Frank Klopas coaches the Fire
USA Today Sports

Chicago Fire players remember Frank Klopas' tenure fondly after coach's departure

BRIDGEVIEW, Ill. – Frank Klopas has been a constant presenece at the Chicago Fire for almost the entirety of Andrew Hauptman's six years as owner of the club, first as technical director, then as coach.

Over dinner last night, Hauptman and Klopas agreed to part ways, though the team did leave open the possibility of the Fire original staying with the club in some capacity, Fire communications director Dan Lobring said. President of soccer operations Javier Leon also stepped down, the club announced Wednesday.

“Frank should be incredibly proud of that accomplishment and what he's done with this organization,” captain Logan Pause told “As a player, moving up into the front office as a technical director and a coach, it's an amazing thing. ... Not many people can say that they've done that. Not many people will be able to say that they've done that. That's definitely something that should be honored, what he's meant to this club.”

After spending three-and-a-half years as technical director, Klopas was named interim coach midway though the 2011 season, when the Fire were 1-4-6 after firing coach Carlos de los Cobos. Chicago ended the season on a 7-2-1 tear, narrowly missing the playoffs, and the interim tag was removed.

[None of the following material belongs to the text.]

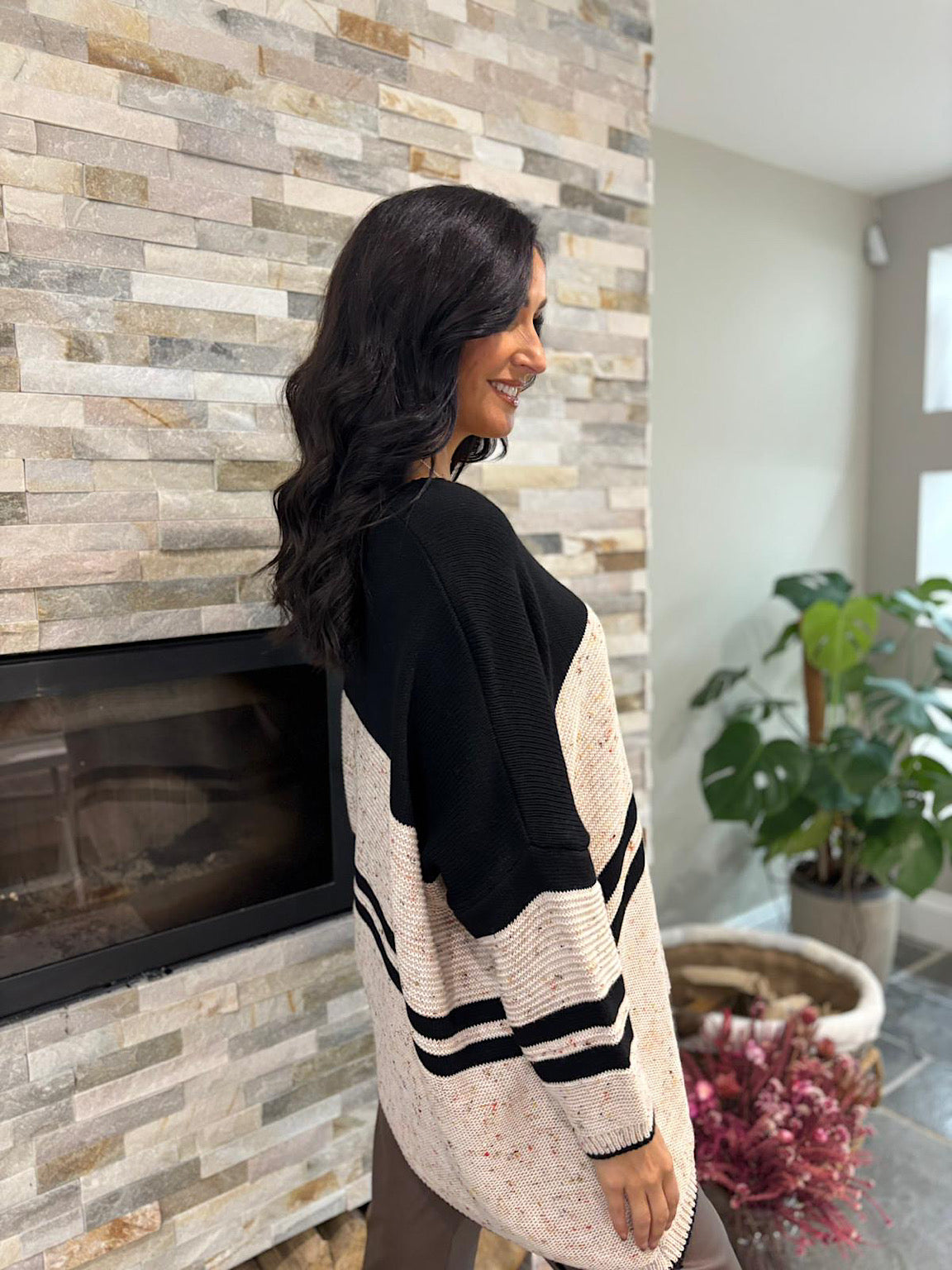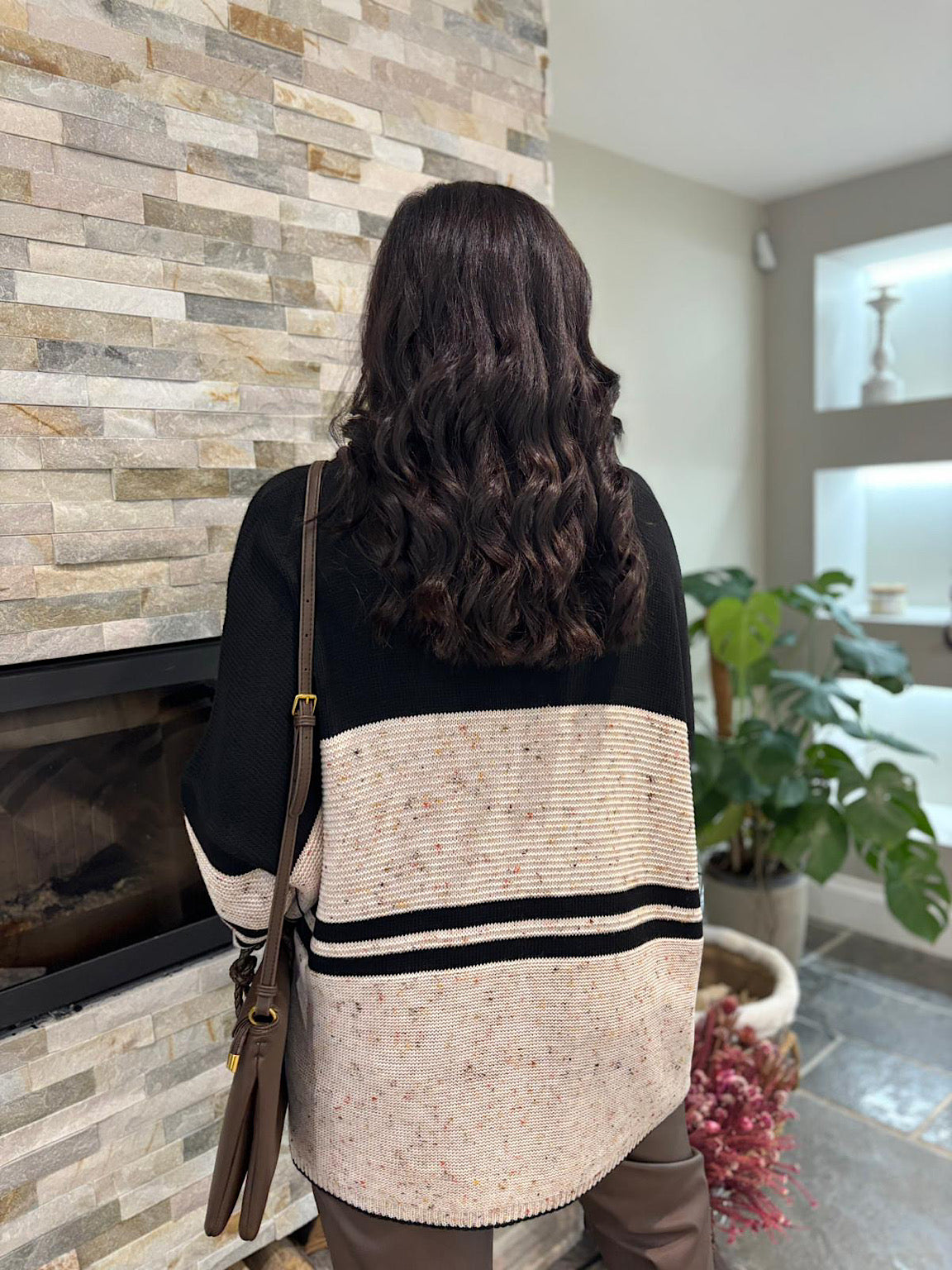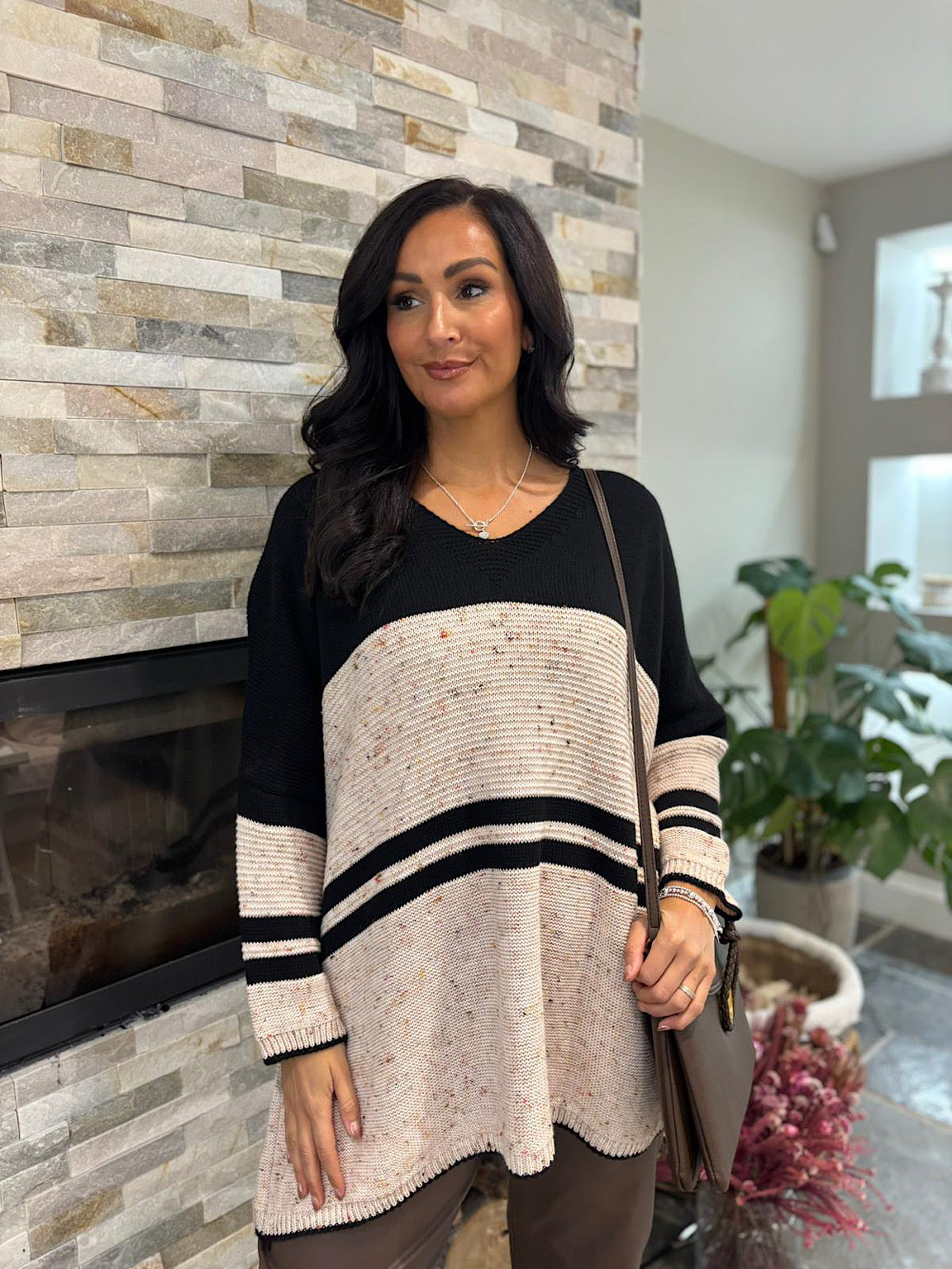 The Block Stripe Jumper Bethany features an oversized, relaxed fit for all-day comfort. Its cosy fabric is enhanced by a ribbed striped panel and subtle ribbed detailing on the sleeves, adding texture and style. Perfect for layering, this jumper combines warmth with a laid-back aesthetic.

After the Chicago native led the Fire to a 17-11-6 record in 2012, his team stumbled out of the gate in 2013, starting 2-7-1, but they were in the playoff picture until a 5-2 loss to New York in Sunday's finale put them in sixth place, only out of a playoff spot by virtue of having scored four fewer goals than the Montreal Impact.

“Since he's been here, it was really consistent until pretty much until the start of this year,” midfielder Patrick Nyarko told “We struggled a little bit, so looking at that standpoint, I think he did a great job getting those results we needed. We missed the playoffs by a couple of points, on the last day of the season. We were having a difficult time two-and-a-half years ago, and he almost led us to the playoffs. I think he's done a tremendous job.”

The fate of the remaining members of the Chicago coaching staff will be decided by the new soccer operations staff, Lobring said.

Klopas was the fourth head coach during Hauptman's time with the Fire, which began late in the 2007 season. Since then, Juan Carlos Osorio left and Denis Hamlett, de los Cobos, and Klopas were shown the door.

Since the team was owned by AEG, when Bob Bradley and Dave Sarachan coached the team for nine-and-a-half years combined, stability has been in short supply for Chicago, and they haven't won any trophies.

“Honestly, it's tough. You pretty much want stability,” Nyarko said. “Every couple of years, you see the turnover, the changes in coaching and stuff like that. It's tough. But I know the organization has good intentions, and they're trying to achieve something, to win a championship, and they're going to every extent to bring that here. So they do everything in the best interest of the team.

"On the other hand, you'd think more stability helps build a more formidable team. The more of the core guys we keep here every year and keep building, the better it is for the team. It hurts to always try to rebuild and start every year.”